» **YOUR TASK**
From the line containing "March 4, 2026)." down to the final line of the entries below, return each line exactly and drop the pictures.

..............................

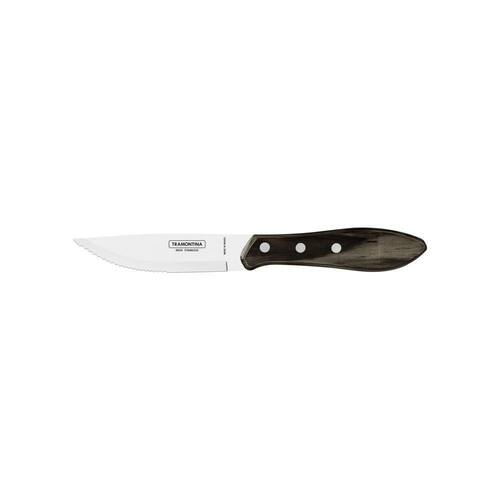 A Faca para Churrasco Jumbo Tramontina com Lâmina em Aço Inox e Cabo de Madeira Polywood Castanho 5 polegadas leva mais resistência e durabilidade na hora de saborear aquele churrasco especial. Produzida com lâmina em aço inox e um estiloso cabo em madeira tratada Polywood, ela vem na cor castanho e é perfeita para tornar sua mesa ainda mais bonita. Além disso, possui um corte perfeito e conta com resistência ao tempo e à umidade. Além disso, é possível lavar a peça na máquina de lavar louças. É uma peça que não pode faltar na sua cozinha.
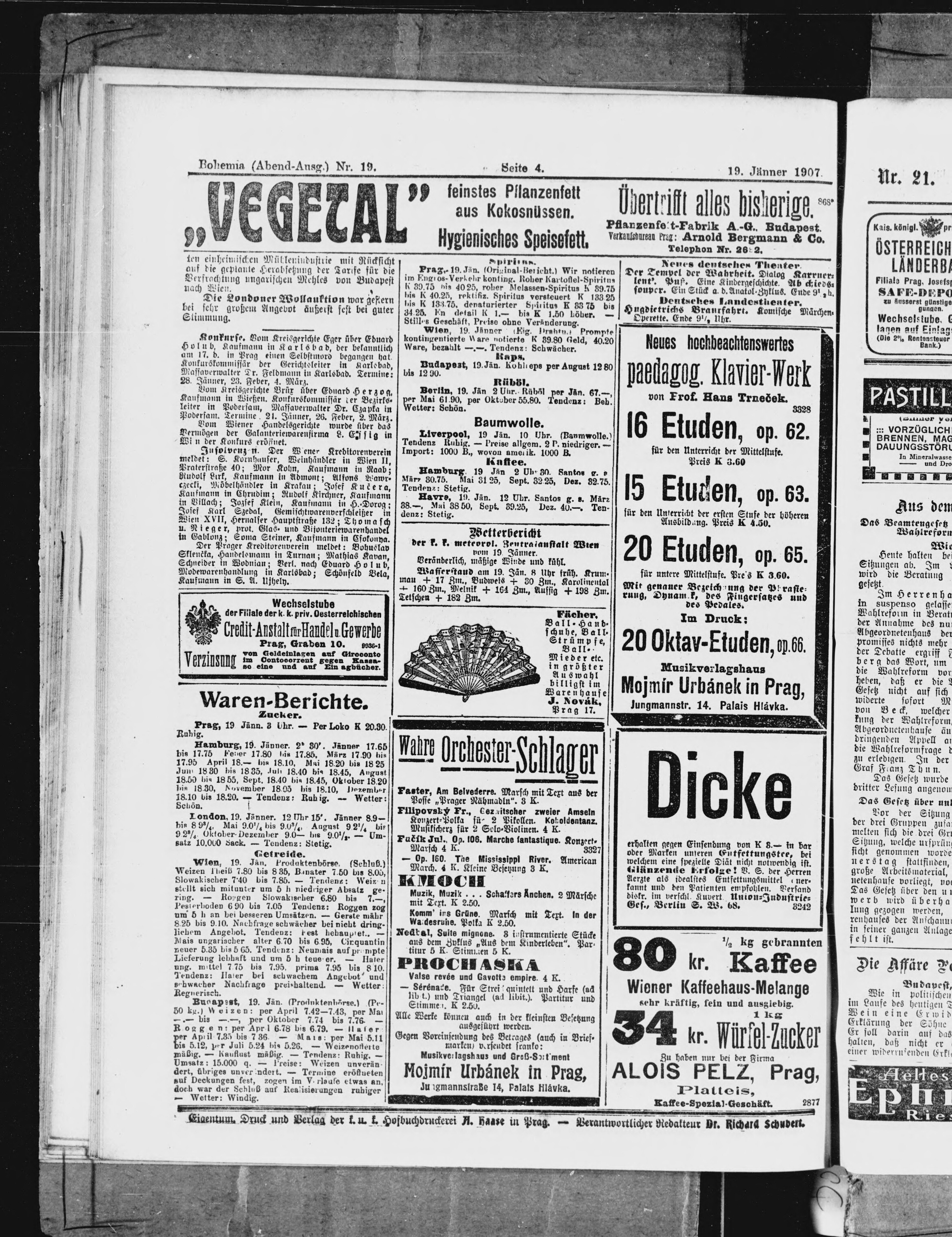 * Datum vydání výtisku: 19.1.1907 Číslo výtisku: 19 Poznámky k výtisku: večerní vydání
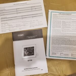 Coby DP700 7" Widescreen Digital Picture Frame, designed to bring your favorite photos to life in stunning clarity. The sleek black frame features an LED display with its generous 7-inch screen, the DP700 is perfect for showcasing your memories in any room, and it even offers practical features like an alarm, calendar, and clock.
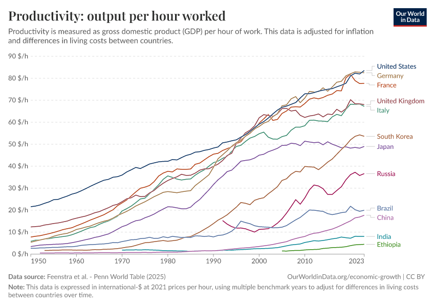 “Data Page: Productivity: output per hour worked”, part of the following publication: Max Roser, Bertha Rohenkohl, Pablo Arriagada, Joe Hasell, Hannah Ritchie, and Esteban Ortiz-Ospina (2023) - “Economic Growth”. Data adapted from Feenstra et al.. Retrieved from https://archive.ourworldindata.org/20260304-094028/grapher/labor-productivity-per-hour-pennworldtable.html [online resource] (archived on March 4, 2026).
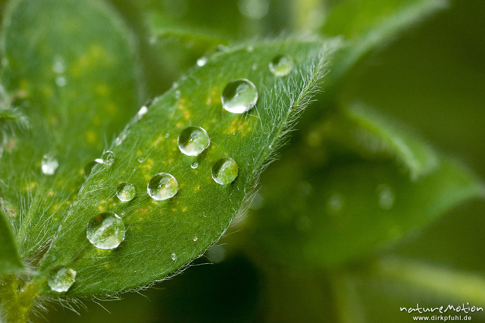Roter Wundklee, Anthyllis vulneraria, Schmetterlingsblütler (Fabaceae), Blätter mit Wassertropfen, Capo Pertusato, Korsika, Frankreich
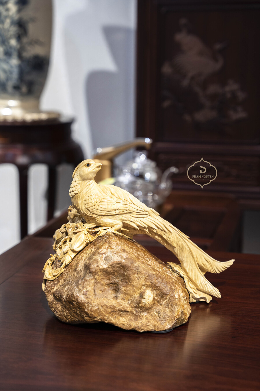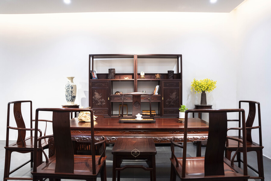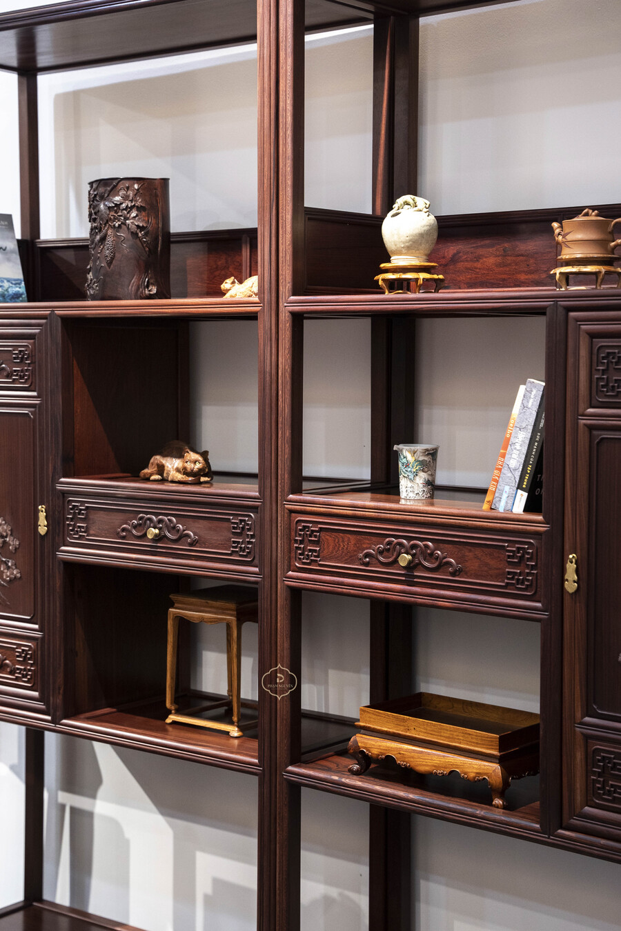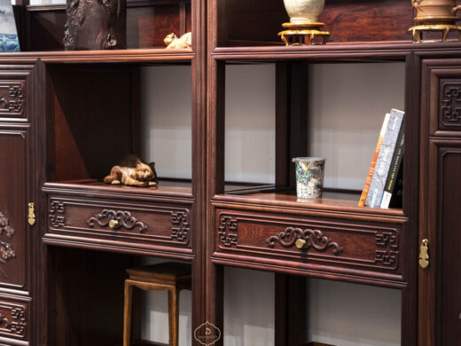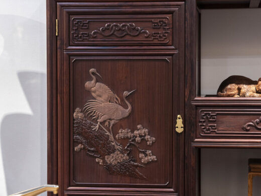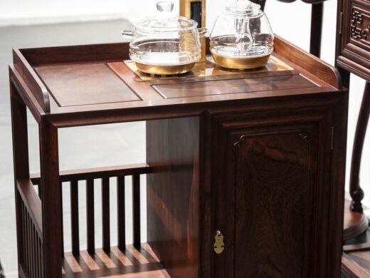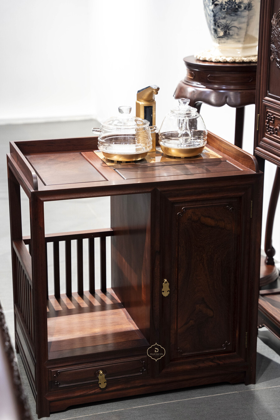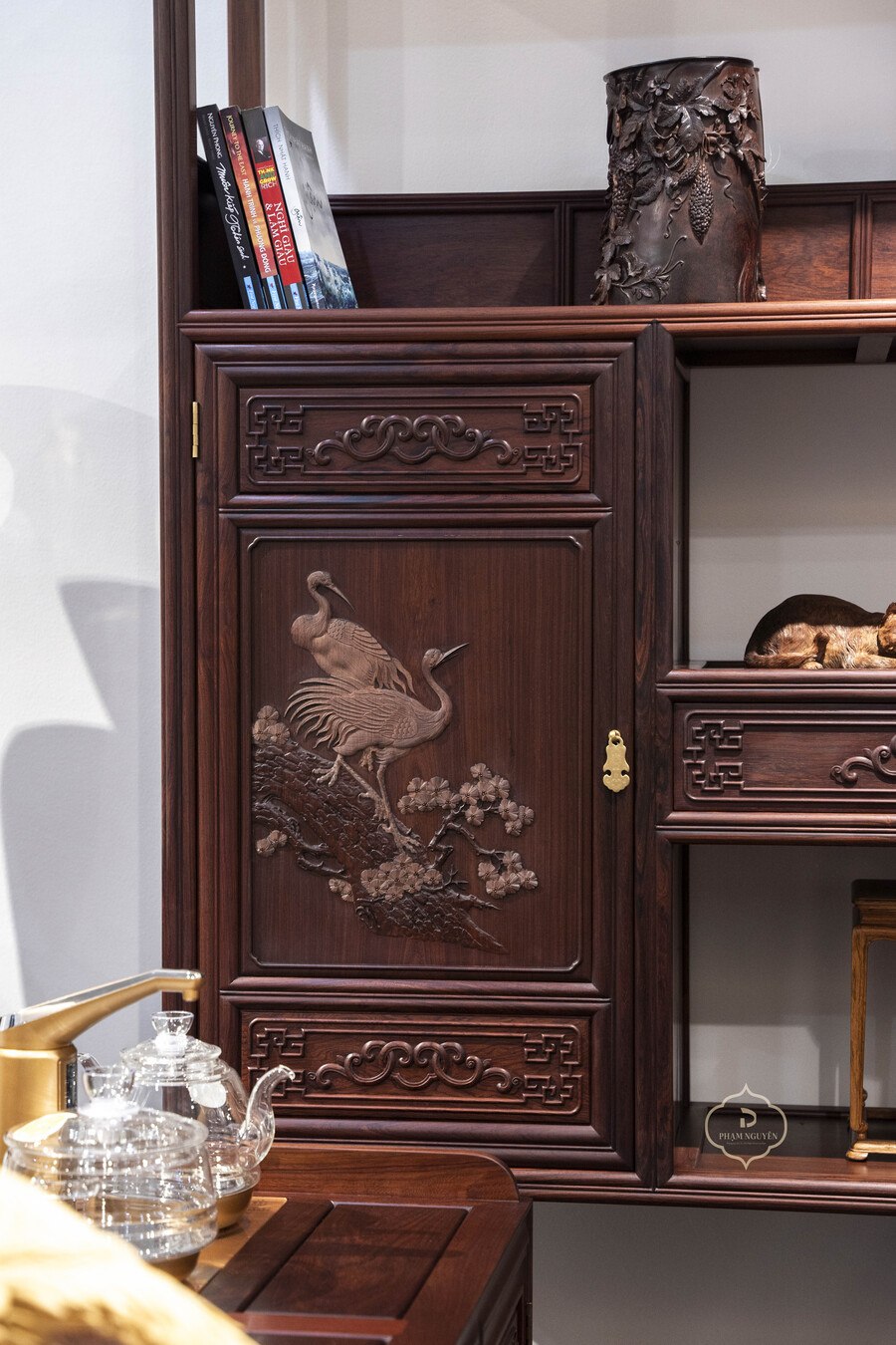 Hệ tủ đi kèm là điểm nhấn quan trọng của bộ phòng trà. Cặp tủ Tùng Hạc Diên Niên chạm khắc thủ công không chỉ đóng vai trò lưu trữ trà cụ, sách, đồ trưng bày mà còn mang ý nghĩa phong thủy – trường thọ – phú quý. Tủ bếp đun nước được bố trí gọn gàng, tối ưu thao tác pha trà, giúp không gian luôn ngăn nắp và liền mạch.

..............................

» **RESPONSE AREA**
 “Data Page: Productivity: output per hour worked”, part of the following publication: Max Roser, Bertha Rohenkohl, Pablo Arriagada, Joe Hasell, Hannah Ritchie, and Esteban Ortiz-Ospina (2023) - “Economic Growth”. Data adapted from Feenstra et al.. Retrieved from https://archive.ourworldindata.org/20260304-094028/grapher/labor-productivity-per-hour-pennworldtable.html [online resource] (archived on March 4, 2026).
Roter Wundklee, Anthyllis vulneraria, Schmetterlingsblütler (Fabaceae), Blätter mit Wassertropfen, Capo Pertusato, Korsika, Frankreich
 Hệ tủ đi kèm là điểm nhấn quan trọng của bộ phòng trà. Cặp tủ Tùng Hạc Diên Niên chạm khắc thủ công không chỉ đóng vai trò lưu trữ trà cụ, sách, đồ trưng bày mà còn mang ý nghĩa phong thủy – trường thọ – phú quý. Tủ bếp đun nước được bố trí gọn gàng, tối ưu thao tác pha trà, giúp không gian luôn ngăn nắp và liền mạch.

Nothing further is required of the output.